Jeudi, à la Une de La Gazzetta dello Sport, le quotidien sportif italien de référence, le ballon rond est à la fête. "Balotelli doit jouer en Italie", titre le journal, en référence à l'avenir de "Super Mario", arrivé en fin de contrat à Nice. Les autres sujets traités concernent le mercato d'Higuain ou Depay, de cyclisme et de l'affaire Froome, de Roland-Garros et de golf. En revanche, pas la moindre trace de la Coupe du monde. Et ce n'est pas l'apanage de la presse écrite. Zappez sur la chaîne d'info sportive Sky Sports News et vous ne trouverez pas plus de trace du Mondial russe.
Cette couverture quasi inexistante montre le malaise autour d'une compétition privée pour la première fois depuis 60 ans de la Nazionale. Les seuls Italiens qui seront sur le terrain en Russie seront les deux arbitres, Gianluca Rocchi et Elenito Di Liberatore, retenus par la Fifa.
"C'est comme si on avait honte". L'Italie, empêtrée dans la crise politique, n'a pas la tête au ballon rond. A Rome, là où il y a quatre ans, les drapeaux étaient partout dans les rues, les produits dérivés dans toutes les vitrines, il n'y a rien. "Il n'y a pas de ferveur. On dirait un mois de juin normal alors que d'habitude c'est la folie. C'est comme si on avait honte", témoigne auprès d'Europe 1 Rodolfo, supporter romain.
Le correspondant d'Europe 1 à Rome, Olivier Cougard, confie même que cette ambiance donne l'impression qu’il n’y a pas de Coupe du monde à jouer. Certains Italiens disent même qu'ils ne vont pas regarder le mondial sans les Azzurri. Pour eux, direction... la spiaggia (la plage) ! L'Italie va même peut-être voter au cœur de l'été, un 29 juillet, deux semaines après la fin de la Coupe du monde. "Ça ne serait jamais arrivé si l'Italie avait été au Mondial", assure-t-il.
Une défaite difficile à digérer. L'Italie a vécu un séisme le 13 novembre 2017. Alors que la Squadra Azzurra doit absolument gagner contre la Suède pour se qualifier pour la Russie, l'attaque italienne atone et une défense suédoise en bloc privent les spectateurs de but. Fort de leur victoire du match aller (1-0), les Suédois coiffent nos voisins transalpins au poteau. Un comble pour les rois du Catenaccio. Pour un pays de foot comme l’Italie, c’est le choc. L'heure est au règlement de compte. La cible : le sélectionneur, Giampiero Ventura, accusé de ne pas avoir mis sur le terrain les meilleurs joueurs : Balotelli, Verratti, Insigne, De Rossi, El Shaarawy.

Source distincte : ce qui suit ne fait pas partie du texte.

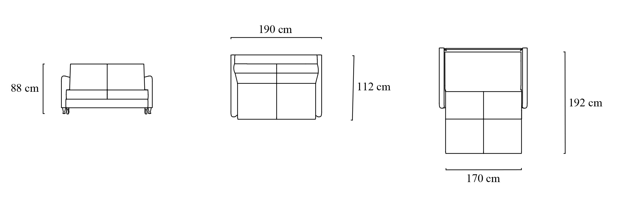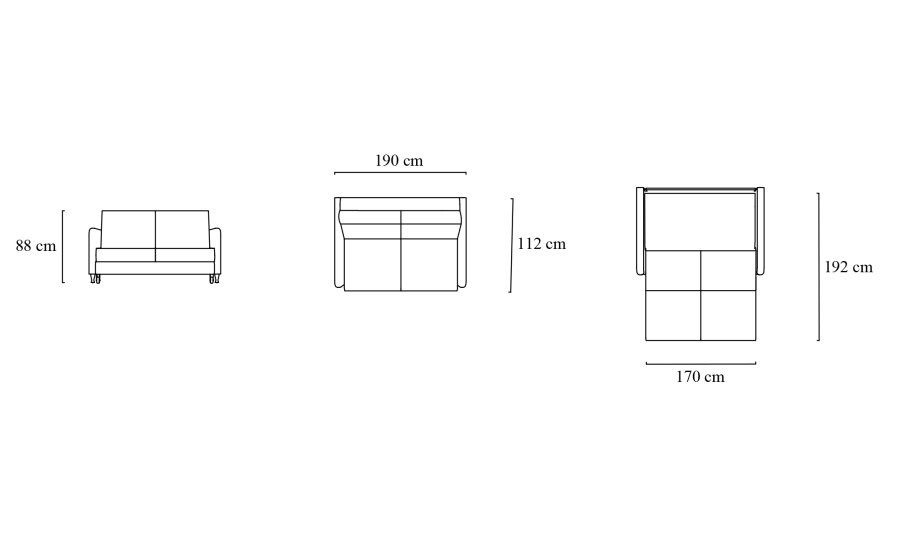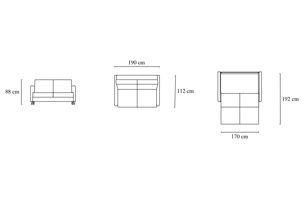 • Açılınca Yatak Ölçüsü : 170 x 192 cm.

Six mois plus tard, les plaies ne sont pas refermées. L’Italie a mis du temps à se choisir un sélectionneur et un nouveau président pour le Calcio. Le premier match de la nuova Nazionale, menée par Roberto Mancini, n’a pas fait la Une des journaux. Seul Balotelli, le chouchou du pays, enflamme la presse, tant par ses prestations en sélection que son feuilleton transfert, qui l'envoie tantôt à Marseille, tantôt à Naples.
Un mondial suivi ? Le dernier match amical de l’Italie, contre l’Arabie saoudite, a réuni 6 millions de téléspectateurs sur la Rai. Légèrement moins que la moyenne des matches des Azzurri, qui font habituellement entre 8 et 9 millions de téléspectateurs. La Coupe du monde sera diffusée en clair et en intégralité sur les antennes de Mediaset, le groupe audiovisuel de Silvio Berlusconi. De quoi assurer au Mondial de bonnes audiences mais peut-être pas autant qu’il y a quatre ans, où un Brésil-Croatie pouvait rassembler jusqu’à 11 millions de téléspectateurs.
Pour Rodolfo, pas de doute, "les Italiens vont regarder le Mondial, mais juste pour la beauté du jeu et avec de la déception". Cette situation, impensable pour les Italiens, se terminera le 15 juillet au soir. Avec le devoir de reprendre vite le travail. Dès début septembre, l’équipe d’Italie devra batailler pour la Ligue des Nations puis pour sa qualification à l’Euro 2020. Une nouvelle équipe d’Italie, à reconstruire sur les ruines d’un Mondial à oublier.